▶ [Task details]
Exact transcription begins at the first line of the material below and ends with the line holding "a continuación cortar"; pictures are skipped.
**** Given data ****
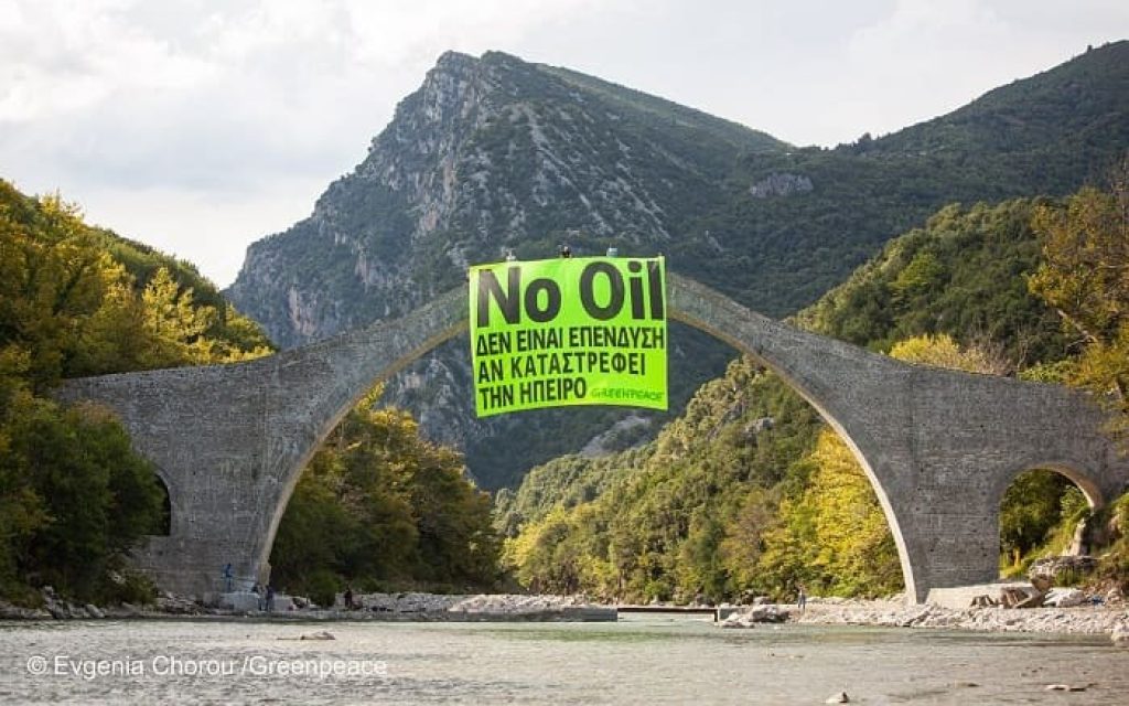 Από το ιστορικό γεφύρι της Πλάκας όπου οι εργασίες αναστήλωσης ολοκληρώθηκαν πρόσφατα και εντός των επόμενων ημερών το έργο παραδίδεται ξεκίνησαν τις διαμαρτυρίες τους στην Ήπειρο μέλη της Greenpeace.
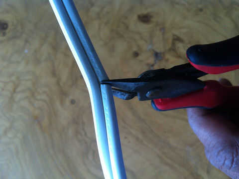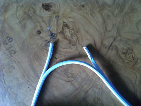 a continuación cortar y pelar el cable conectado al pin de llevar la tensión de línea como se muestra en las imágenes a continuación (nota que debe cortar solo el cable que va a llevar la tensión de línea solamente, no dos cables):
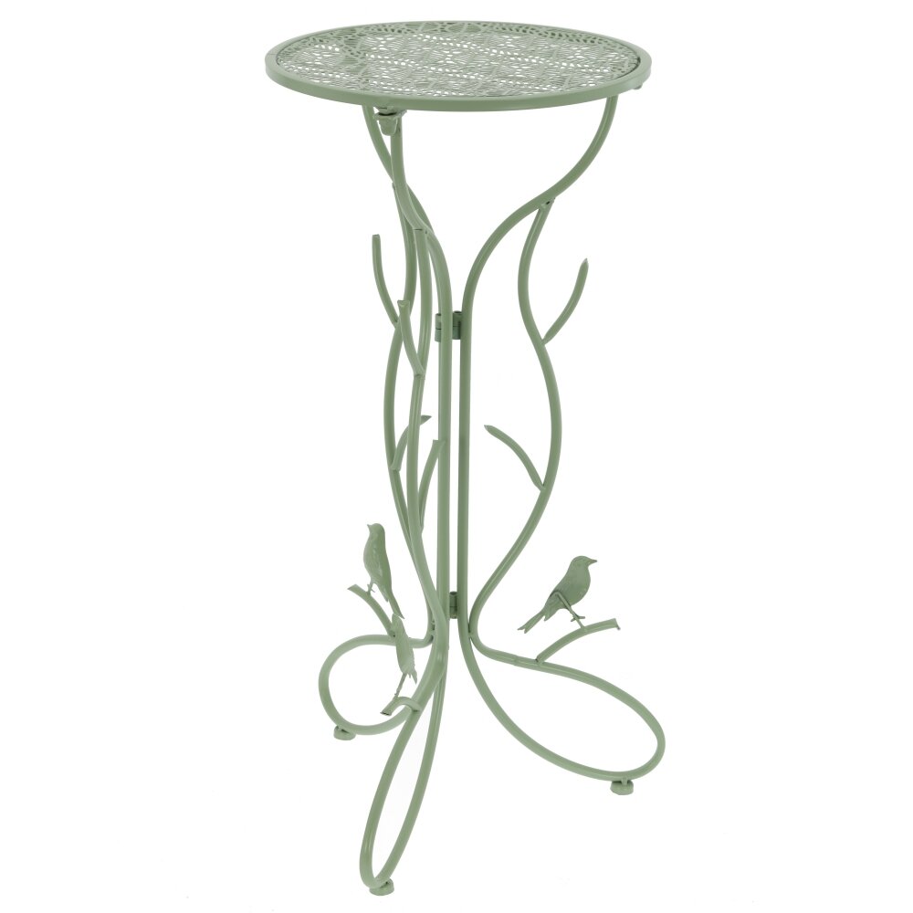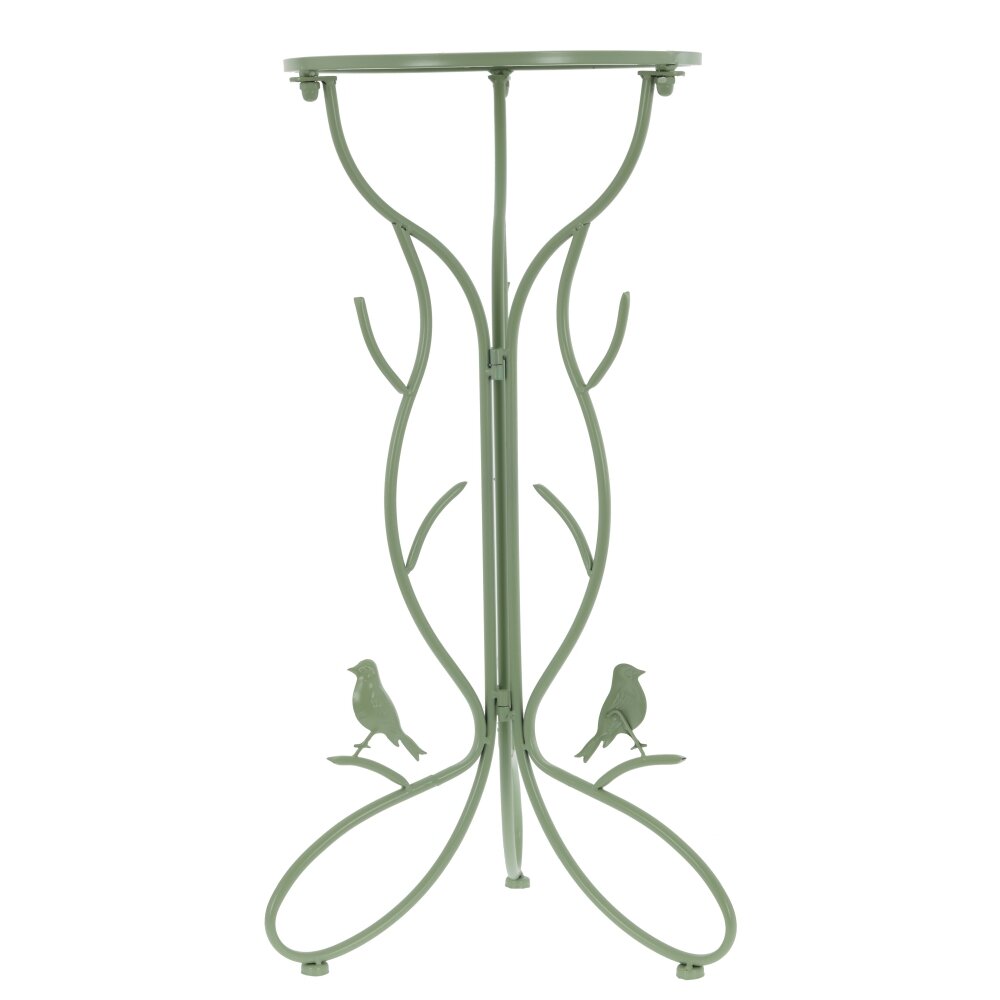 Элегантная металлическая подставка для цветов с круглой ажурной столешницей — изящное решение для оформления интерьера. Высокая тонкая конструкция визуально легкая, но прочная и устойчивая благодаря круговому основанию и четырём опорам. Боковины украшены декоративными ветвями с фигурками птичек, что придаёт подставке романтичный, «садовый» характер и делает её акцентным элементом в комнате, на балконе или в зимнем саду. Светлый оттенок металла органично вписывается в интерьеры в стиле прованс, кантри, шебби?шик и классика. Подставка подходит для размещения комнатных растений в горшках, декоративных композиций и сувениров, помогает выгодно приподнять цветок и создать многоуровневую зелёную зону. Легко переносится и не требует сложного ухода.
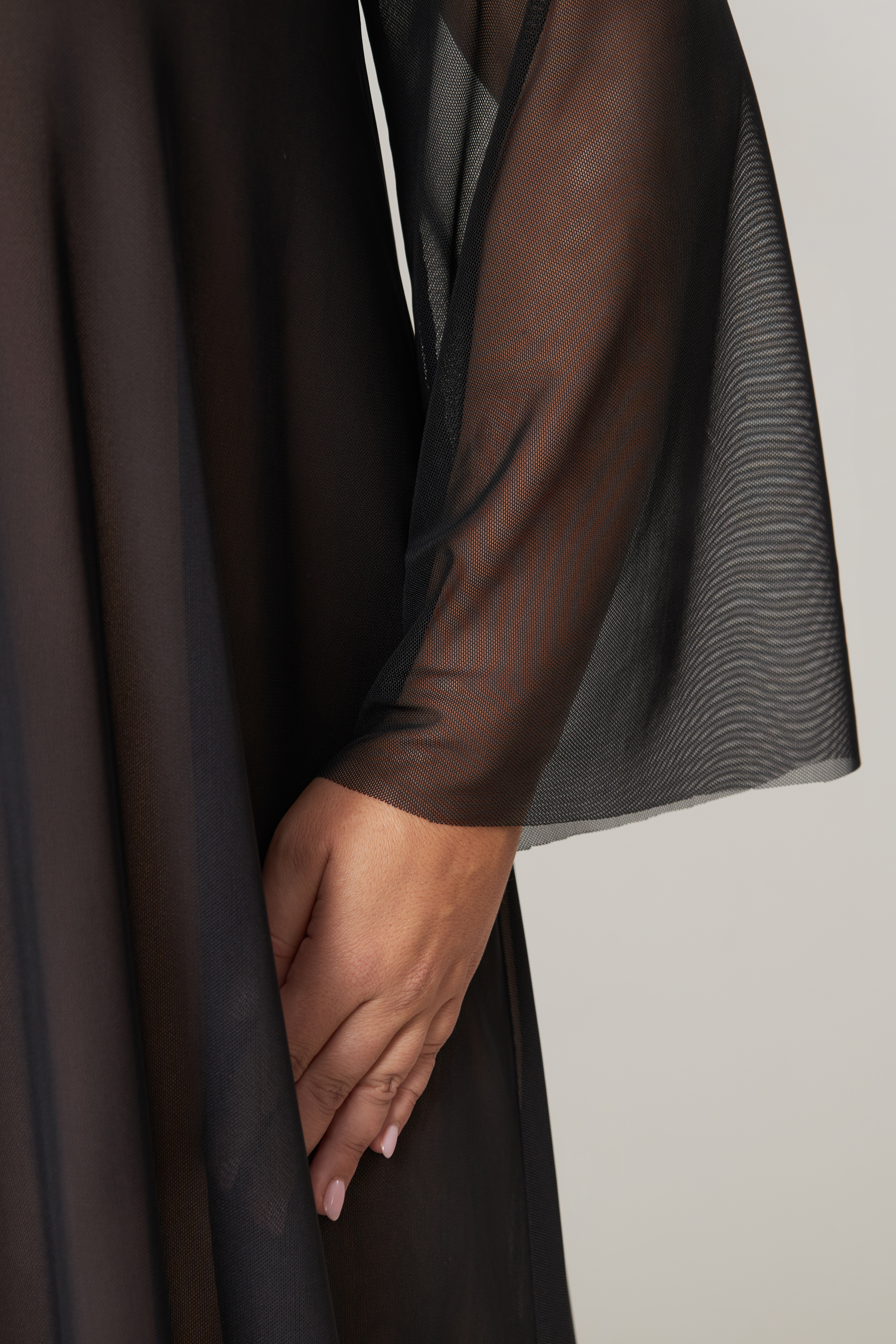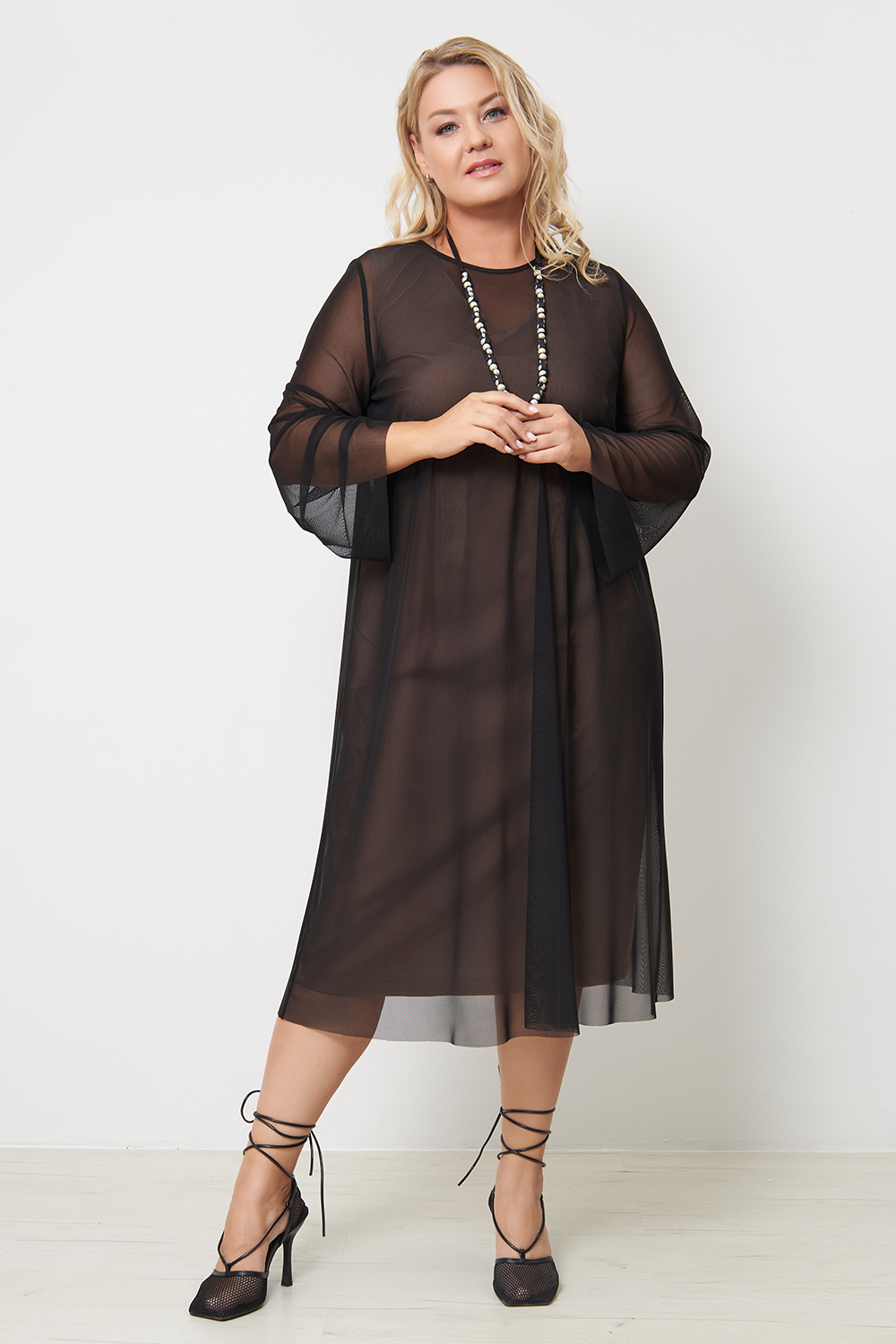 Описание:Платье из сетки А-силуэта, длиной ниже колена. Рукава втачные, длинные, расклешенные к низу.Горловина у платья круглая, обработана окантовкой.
****
▶ [Solution for this task]
 Από το ιστορικό γεφύρι της Πλάκας όπου οι εργασίες αναστήλωσης ολοκληρώθηκαν πρόσφατα και εντός των επόμενων ημερών το έργο παραδίδεται ξεκίνησαν τις διαμαρτυρίες τους στην Ήπειρο μέλη της Greenpeace.
 a continuación cortar y pelar el cable conectado al pin de llevar la tensión de línea como se muestra en las imágenes a continuación (nota que debe cortar solo el cable que va a llevar la tensión de línea solamente, no dos cables):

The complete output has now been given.